Write out every line from the listing below where the string "oraz" is found.
════════════════════
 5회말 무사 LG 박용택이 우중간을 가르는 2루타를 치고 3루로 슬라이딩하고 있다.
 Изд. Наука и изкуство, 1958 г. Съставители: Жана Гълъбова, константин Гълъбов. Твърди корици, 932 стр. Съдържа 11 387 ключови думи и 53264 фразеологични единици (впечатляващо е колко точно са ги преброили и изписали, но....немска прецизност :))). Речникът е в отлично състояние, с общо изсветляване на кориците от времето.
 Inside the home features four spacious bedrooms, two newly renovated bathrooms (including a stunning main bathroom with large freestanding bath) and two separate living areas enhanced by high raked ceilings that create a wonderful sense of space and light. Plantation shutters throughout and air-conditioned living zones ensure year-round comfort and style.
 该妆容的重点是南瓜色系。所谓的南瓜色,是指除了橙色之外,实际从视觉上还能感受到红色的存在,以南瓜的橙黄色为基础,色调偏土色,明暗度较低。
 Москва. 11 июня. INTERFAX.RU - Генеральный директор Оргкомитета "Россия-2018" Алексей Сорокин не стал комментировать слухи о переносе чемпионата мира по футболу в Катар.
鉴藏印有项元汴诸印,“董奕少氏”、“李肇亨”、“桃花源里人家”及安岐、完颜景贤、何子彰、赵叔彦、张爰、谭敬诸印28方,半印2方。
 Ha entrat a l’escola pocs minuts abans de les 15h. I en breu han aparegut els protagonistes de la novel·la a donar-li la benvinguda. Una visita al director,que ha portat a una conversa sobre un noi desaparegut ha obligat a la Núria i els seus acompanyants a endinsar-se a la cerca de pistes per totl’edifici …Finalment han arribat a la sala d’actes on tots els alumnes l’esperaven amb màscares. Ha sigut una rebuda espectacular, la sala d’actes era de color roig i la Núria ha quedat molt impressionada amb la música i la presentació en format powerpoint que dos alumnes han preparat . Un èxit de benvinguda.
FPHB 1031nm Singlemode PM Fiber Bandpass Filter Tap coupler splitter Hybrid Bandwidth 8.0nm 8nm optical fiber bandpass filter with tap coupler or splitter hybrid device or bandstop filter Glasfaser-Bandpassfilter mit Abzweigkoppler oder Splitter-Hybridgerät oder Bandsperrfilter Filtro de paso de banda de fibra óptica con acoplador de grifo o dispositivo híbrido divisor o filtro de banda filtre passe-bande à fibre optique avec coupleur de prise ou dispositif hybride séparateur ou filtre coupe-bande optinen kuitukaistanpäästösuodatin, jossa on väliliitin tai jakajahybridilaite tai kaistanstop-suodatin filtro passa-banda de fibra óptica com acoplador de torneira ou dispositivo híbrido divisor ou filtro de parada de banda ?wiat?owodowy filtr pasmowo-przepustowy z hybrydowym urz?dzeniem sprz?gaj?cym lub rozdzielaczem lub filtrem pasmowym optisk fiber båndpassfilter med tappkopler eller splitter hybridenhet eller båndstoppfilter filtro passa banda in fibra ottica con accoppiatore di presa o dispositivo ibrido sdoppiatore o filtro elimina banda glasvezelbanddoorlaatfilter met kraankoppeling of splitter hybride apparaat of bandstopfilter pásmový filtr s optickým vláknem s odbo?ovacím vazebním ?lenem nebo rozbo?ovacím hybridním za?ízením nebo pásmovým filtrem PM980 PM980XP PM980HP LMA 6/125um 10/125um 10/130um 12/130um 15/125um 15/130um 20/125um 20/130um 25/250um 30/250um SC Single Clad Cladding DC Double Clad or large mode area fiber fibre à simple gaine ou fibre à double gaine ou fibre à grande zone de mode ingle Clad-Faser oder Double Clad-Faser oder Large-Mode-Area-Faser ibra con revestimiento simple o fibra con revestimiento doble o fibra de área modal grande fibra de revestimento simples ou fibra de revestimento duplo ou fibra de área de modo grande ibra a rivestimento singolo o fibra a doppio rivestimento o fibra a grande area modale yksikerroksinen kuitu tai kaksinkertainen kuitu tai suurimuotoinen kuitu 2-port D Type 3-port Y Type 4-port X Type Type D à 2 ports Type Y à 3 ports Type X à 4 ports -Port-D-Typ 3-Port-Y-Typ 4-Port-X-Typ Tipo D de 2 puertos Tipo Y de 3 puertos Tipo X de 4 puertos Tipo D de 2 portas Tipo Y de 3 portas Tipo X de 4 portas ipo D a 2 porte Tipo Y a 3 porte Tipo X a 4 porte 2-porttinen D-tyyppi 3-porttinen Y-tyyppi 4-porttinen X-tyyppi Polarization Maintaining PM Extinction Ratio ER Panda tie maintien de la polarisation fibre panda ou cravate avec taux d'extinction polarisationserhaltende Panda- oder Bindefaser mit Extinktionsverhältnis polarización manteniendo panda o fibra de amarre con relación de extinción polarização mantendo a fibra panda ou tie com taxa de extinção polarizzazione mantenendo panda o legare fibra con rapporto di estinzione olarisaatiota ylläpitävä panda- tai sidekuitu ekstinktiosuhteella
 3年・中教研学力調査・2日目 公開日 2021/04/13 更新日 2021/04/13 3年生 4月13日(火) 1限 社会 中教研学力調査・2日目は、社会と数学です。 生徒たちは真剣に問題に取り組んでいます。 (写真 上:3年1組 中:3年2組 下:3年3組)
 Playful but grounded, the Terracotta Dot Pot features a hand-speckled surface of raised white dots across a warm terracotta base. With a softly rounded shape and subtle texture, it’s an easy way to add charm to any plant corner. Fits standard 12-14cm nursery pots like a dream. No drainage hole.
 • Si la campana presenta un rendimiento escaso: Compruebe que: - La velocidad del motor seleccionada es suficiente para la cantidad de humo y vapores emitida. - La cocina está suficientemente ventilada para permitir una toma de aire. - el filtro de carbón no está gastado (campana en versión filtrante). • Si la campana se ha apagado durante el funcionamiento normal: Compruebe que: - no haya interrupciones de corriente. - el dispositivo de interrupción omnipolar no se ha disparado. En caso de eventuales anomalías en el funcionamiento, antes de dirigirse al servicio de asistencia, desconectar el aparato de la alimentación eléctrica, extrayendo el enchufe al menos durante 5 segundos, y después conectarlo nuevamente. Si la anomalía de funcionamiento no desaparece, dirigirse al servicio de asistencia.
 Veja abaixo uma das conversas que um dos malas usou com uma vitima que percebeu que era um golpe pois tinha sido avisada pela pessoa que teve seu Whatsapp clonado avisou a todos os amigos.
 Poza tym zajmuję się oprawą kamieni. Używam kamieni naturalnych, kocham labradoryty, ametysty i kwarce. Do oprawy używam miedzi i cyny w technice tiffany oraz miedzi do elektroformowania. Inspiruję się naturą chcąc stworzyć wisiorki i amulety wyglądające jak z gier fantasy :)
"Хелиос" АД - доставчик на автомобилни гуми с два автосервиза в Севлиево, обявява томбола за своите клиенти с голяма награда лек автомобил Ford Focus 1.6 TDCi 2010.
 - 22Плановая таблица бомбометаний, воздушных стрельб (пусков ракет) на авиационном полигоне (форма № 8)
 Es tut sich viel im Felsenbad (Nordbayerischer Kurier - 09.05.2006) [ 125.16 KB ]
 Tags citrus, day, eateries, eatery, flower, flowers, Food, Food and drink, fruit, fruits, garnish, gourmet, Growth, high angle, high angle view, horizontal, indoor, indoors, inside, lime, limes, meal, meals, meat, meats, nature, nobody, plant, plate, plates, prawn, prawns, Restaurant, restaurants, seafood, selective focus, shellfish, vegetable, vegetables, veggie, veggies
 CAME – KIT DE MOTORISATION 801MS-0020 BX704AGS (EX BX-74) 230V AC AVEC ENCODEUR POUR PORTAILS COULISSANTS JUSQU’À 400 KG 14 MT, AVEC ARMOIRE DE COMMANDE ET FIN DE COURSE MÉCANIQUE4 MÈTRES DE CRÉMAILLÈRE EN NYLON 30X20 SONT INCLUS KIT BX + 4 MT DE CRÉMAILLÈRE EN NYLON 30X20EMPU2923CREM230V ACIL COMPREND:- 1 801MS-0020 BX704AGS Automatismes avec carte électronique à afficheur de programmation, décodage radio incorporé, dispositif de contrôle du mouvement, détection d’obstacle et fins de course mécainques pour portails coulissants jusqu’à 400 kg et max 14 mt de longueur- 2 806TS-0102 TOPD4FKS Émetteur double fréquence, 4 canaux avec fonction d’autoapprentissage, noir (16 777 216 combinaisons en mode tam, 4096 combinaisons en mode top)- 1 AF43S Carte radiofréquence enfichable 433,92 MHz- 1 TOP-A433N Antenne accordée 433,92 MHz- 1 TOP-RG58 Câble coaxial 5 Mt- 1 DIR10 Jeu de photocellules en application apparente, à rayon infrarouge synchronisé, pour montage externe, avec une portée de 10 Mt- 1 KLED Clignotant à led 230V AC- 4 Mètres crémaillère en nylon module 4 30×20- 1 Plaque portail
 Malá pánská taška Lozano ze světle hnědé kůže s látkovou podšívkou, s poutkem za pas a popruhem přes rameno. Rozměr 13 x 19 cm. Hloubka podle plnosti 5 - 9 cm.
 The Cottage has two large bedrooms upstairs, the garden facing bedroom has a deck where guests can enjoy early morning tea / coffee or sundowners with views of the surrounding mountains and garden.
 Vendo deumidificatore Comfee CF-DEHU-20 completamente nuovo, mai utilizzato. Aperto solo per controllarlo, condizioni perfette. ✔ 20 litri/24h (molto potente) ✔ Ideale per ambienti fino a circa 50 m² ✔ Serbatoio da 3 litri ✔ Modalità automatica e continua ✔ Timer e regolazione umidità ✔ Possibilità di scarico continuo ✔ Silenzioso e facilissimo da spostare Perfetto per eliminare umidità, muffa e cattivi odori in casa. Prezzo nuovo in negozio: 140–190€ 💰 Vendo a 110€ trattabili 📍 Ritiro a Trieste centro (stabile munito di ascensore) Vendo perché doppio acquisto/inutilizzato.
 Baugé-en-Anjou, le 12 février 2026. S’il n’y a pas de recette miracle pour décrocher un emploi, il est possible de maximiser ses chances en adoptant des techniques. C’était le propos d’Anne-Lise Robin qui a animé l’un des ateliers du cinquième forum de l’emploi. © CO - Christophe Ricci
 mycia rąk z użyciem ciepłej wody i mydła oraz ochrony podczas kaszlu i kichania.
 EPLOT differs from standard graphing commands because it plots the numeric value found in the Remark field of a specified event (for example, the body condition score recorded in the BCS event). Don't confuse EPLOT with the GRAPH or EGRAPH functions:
════════════════════
## REPLY
 Poza tym zajmuję się oprawą kamieni. Używam kamieni naturalnych, kocham labradoryty, ametysty i kwarce. Do oprawy używam miedzi i cyny w technice tiffany oraz miedzi do elektroformowania. Inspiruję się naturą chcąc stworzyć wisiorki i amulety wyglądające jak z gier fantasy :)
 mycia rąk z użyciem ciepłej wody i mydła oraz ochrony podczas kaszlu i kichania.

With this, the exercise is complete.